The goal of the Cyber Grand Challenge (CGC) is to combine the speed and scale of automation with the reasoning capabilities of human experts. Multiple teams create Cyber Reasoning Systems (CRSs) that autonomously reason about arbitrary networked programs, prove the existence of flaws in those programs, and automatically formulate effective defenses against those flaws. How well these systems work is evaluated through head-to-head tournament-style competition.

The competition has two main events: the qualifying event and the final event. The qualifying event was held on June 3, 2015. The final event is set to take place during August 2016. Only the top 7 competitors from the qualifying event proceed to the final event.

During the qualifying event, each competitor was given the same 131 challenges, or purposely built vulnerable programs, each of which contained at least one intentional vulnerability. For 24 hours, the competing CRSes faced off against each other and were scored according to four criteria. The full details are in the CGC Rules, but here’s a quick summary:

The CRS had to work without human intervention. Any teams found to use human assistance were disqualified.
The CRS had to patch bugs in challenges. Points were gained for every bug successfully patched. Challenges with no patched bugs received zero points.
The CRS could prove bugs exist in challenges. The points from patched challenges were doubled if the CRS could generate an input that crashed the challenge.
The patched challenges had to function and perform almost as well as the originals. Points were lost based on performance and functionality loss in the patched challenges.

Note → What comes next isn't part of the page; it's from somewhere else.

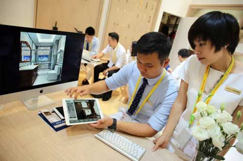 觀眾不僅可以在現(xiàn)場體驗智慧衛(wèi)浴空間,還能進行五星定制,挑選自己喜歡的廚衛(wèi)色彩和款式,搭配出個性化定制空間。戴上VR眼鏡,就能看到未來夢想“家”,即可身臨其境般地穿梭在衛(wèi)浴、陽臺及廚房空間。

A spreadsheet with all the qualifying event scores and other data used to make the graphs in this post is available from DARPA (Trail of Bits is the ninth place team). With the scoring in mind, let’s review the Trail of Bits CRS architecture and the design decisions we made.

Preparation

We’re a small company with a distributed workforce, so we couldn’t physically host a lot of servers. Naturally, we went with cloud computing to do processing; specifically, Amazon EC2. Those who saw our tweets know we used a lot of EC2 time. Most of that usage was purely out of caution.

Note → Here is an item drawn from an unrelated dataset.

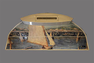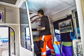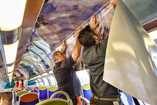 Les membres de l’équipe technique de la SNCF (ci-dessus) qui ont travaillé durant une semaine sur la mise en place des scènes choisies par l’équipe artistique ont du tenir une cadence soutenue pour observer les délais qui leur étaient fixés. Difficile en amont de bien appréhender les défauts de courbures et les découpes qu’il a fallu ajuster parfois de manière acrobatique dans des laizes calculées au plus juste.

We didn’t know how many challenges would be in the qualifying event — just that it would be “more than 100.” We prepared for a thousand, with each accompanied by multi-gigabyte network traffic captures. We were also terrified of an EC2 region-wide failure, so we provisioned three different CRS instances, one in each US-based EC2 region, affectionately named Biggie (us-east-1), Tupac (us-west-2), and Dre (us-west-1).

It turns out that there were only 131 challenges and no gigantic network captures in the qualifying event. During the qualifying event, all EC2 regions worked normally. We could have comfortably done the qualifying event with 17 c4.8xlarge EC2 instances, but instead we used 297. Out of our abundance of caution, we over-provisioned by a factor of ~17x.

Bug Finding

The Trail of Bits CRS was ranked second by the number of verified bugs found (Figure 1). This result is impressive considering that we started with nothing while several other teams already had existing bug finding systems prior to CGC.

Figure 1: Teams in the qualifying event ranked by number of bugs found. Orange bars signify finalists.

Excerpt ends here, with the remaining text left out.